- [Information shown]:

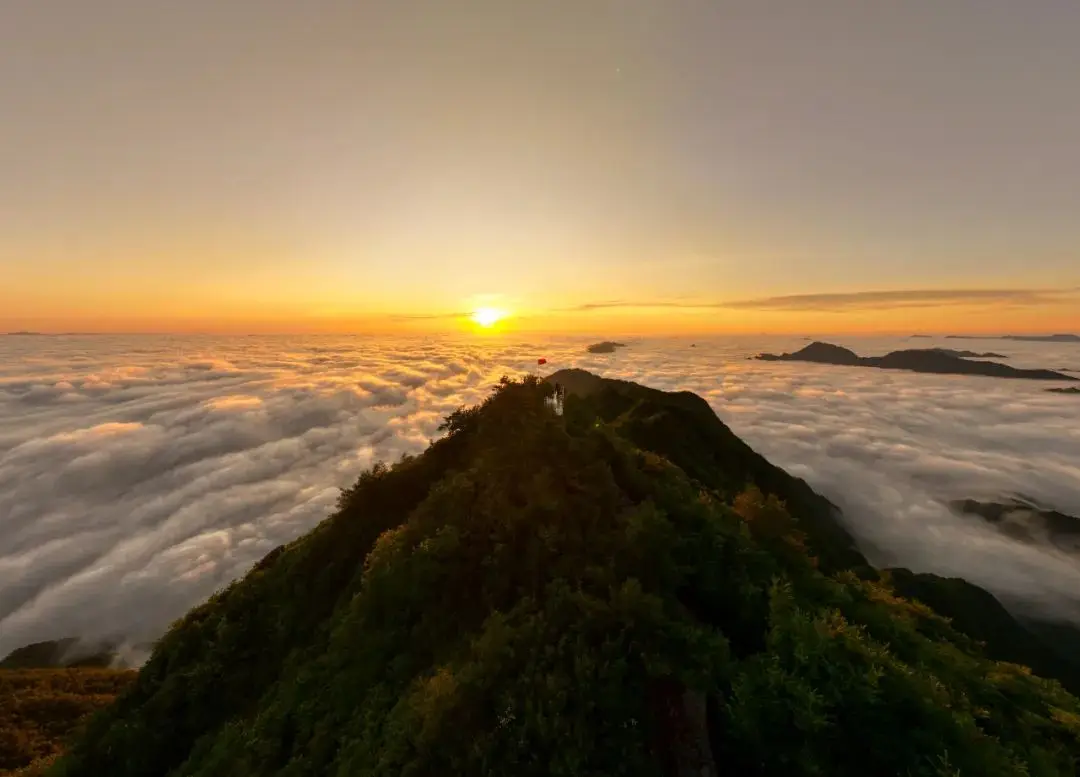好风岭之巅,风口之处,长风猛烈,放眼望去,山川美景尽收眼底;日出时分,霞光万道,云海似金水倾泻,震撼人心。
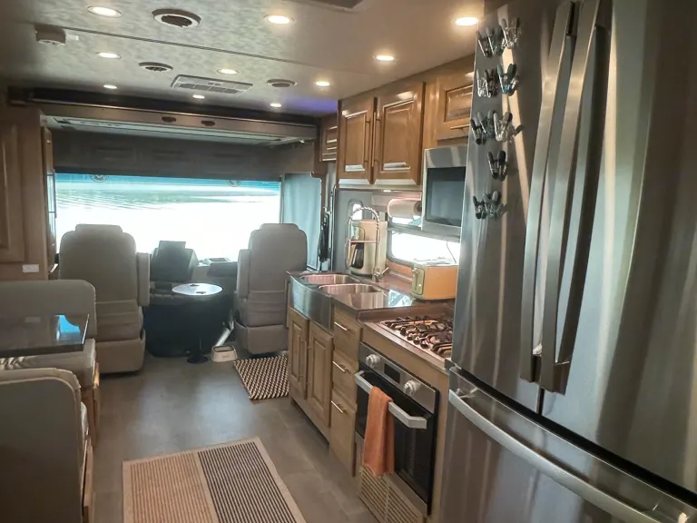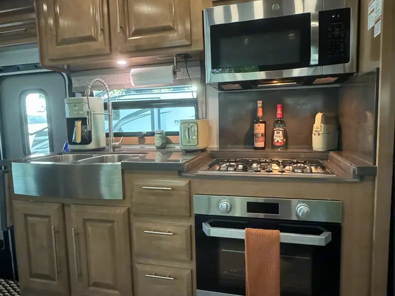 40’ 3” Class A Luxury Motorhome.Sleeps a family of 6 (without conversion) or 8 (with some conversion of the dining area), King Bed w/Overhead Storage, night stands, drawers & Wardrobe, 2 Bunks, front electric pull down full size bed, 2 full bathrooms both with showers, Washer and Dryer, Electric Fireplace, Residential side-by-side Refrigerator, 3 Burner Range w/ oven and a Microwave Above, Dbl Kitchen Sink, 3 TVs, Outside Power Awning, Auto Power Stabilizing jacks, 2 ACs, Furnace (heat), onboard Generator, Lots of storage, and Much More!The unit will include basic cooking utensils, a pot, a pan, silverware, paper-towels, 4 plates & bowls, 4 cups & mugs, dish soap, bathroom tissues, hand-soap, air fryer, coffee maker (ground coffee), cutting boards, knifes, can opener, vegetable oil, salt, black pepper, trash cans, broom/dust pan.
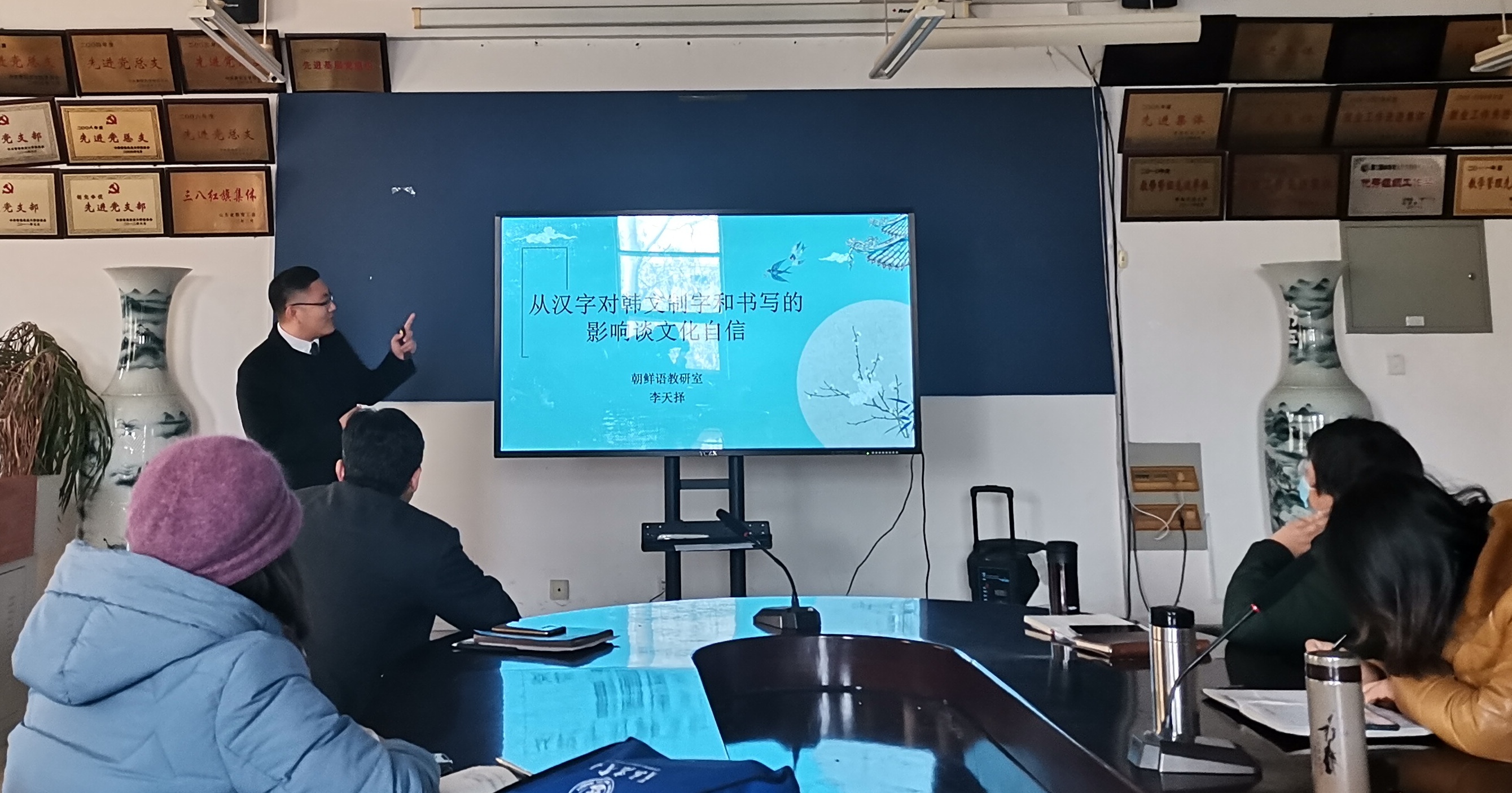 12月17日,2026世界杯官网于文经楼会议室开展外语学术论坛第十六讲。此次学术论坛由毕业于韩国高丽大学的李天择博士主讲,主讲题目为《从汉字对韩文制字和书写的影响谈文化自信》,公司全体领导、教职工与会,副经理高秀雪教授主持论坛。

- [Work item]:
Copy out all the data exactly, skipping the pictures.

- [Solution to this exercise]:
好风岭之巅,风口之处,长风猛烈,放眼望去,山川美景尽收眼底;日出时分,霞光万道,云海似金水倾泻,震撼人心。
 40’ 3” Class A Luxury Motorhome.Sleeps a family of 6 (without conversion) or 8 (with some conversion of the dining area), King Bed w/Overhead Storage, night stands, drawers & Wardrobe, 2 Bunks, front electric pull down full size bed, 2 full bathrooms both with showers, Washer and Dryer, Electric Fireplace, Residential side-by-side Refrigerator, 3 Burner Range w/ oven and a Microwave Above, Dbl Kitchen Sink, 3 TVs, Outside Power Awning, Auto Power Stabilizing jacks, 2 ACs, Furnace (heat), onboard Generator, Lots of storage, and Much More!The unit will include basic cooking utensils, a pot, a pan, silverware, paper-towels, 4 plates & bowls, 4 cups & mugs, dish soap, bathroom tissues, hand-soap, air fryer, coffee maker (ground coffee), cutting boards, knifes, can opener, vegetable oil, salt, black pepper, trash cans, broom/dust pan.
 12月17日,2026世界杯官网于文经楼会议室开展外语学术论坛第十六讲。此次学术论坛由毕业于韩国高丽大学的李天择博士主讲,主讲题目为《从汉字对韩文制字和书写的影响谈文化自信》,公司全体领导、教职工与会,副经理高秀雪教授主持论坛。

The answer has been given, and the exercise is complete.